Amazon DynamoDB Cheat Sheet

  • In general, Scan operations are less efficient than other operations in DynamoDB. A Scan operation always scans the entire table or secondary index. If possible, you should avoid using a Scan operation on a large table or index with a filter that removes many results. Also, as a table or index grows, the Scan operation slows. The Scan operation examines every item for the requested values and can use up the provisioned throughput for a large table or index in a single operation. For faster response times, design your tables and indexes so that your applications can use Query instead of Scan. For tables, you can also consider using the GetItem and BatchGetItem APIs.

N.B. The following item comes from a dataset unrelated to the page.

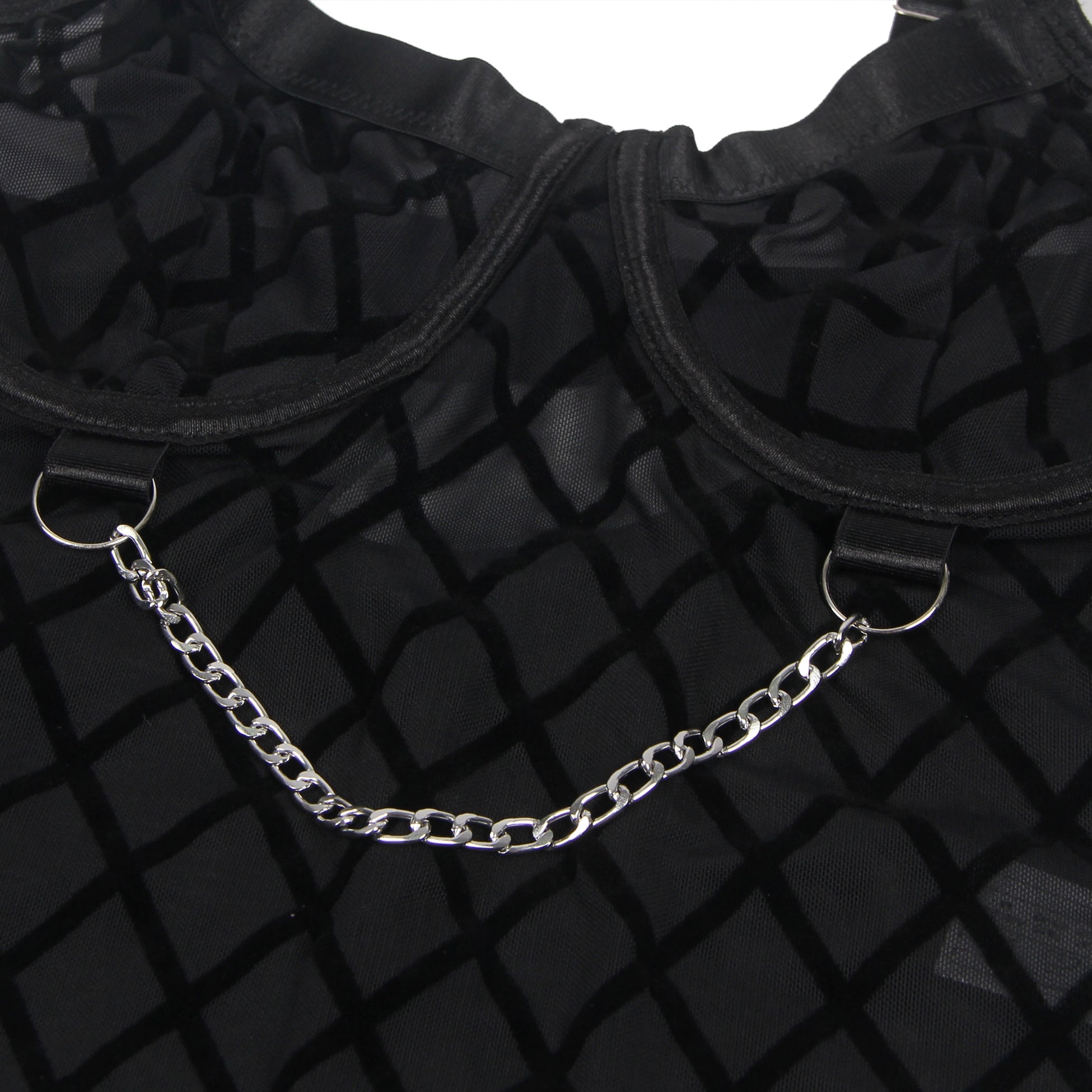 This classic bodysuit with a modern twist features gold chain accents, mesh material with velvet detailing and a detachable garter belt. A true statement piece whether worn alone or paired with a favourite pair of jeans.

  • Time To Live (TTL) for DynamoDB allows you to define when items in a table expire so that they can be automatically deleted from the database.TTL is provided at no extra cost as a way to reduce storage usage and reduce the cost of storing irrelevant data without using provisioned throughput. With TTL enabled on a table, you can set a timestamp for deletion on a per-item basis, allowing you to limit storage usage to only those records that are relevant.

  • DynamoDB Streams enables solutions such as these, and many others. DynamoDB Streams captures a time-ordered sequence of item-level modifications in any DynamoDB table, and stores this information in a log for up to 24 hours. Applications can access this log and view the data items as they appeared before and after they were modified, in near real time.A DynamoDB stream is an ordered flow of information about changes to items in an Amazon DynamoDB table. When you enable a stream on a table, DynamoDB captures information about every modification to data items in the table.

  • Amazon DynamoDB is also integrated with AWS Lambda so that you can create triggers—pieces of code that automatically respond to events in DynamoDB Streams. With triggers, you can build applications that react to data modifications in DynamoDB tables.When an item in the table is modified, StreamViewType determines what information are written to the stream for this table. Valid values for StreamViewType are KEYS_ONLY, NEW_IMAGE, OLD_IMAGE, and NEW_AND_OLD_IMAGES.

    1. OLD_IMAGE type, the entire item which has the previous value as it appeared before it was modified is written to the stream.
    2. KEYS_ONLY type, it will only write the key attributes of the modified item to the stream.
    3. NEW_IMAGE type, it will configure the stream to write the entire item with its new value as it appears after it was modified.
    4. NEW_AND_OLD_IMAGES type, it will send both the new and the old item images of the item to the stream
  • Amazon DynamoDB Accelerator (DAX) is a fully managed, highly available, in-memory cache for DynamoDB that delivers up to a 10x performance improvement – from milliseconds to microseconds

  • DynamoDB supports two types of secondary indexes:

    1. Global secondary index — an index with a partition key and a sort key that can be different from those on the base table. A global secondary index is considered “global” because queries on the index can span all of the data in the base table, across all partitions.
    2. Local secondary index — an index that has the same partition key as the base table, but a different sort key. A local secondary index is “local” in the sense that every partition of a local secondary index is scoped to a base table partition that has the same partition key value.
  • atomic counter — a numeric attribute that is incremented, unconditionally, without interfering with other write requests. (All write requests are applied in the order in which they were received). With an atomic counter, the updates are not idempotent. In other words, the numeric value will increment each time you call UpdateItem. conditional update - where overcounting or undercounting cannot be tolerated (For example, in a banking application). In this case, it is safer to use a conditional update instead of an atomic counter.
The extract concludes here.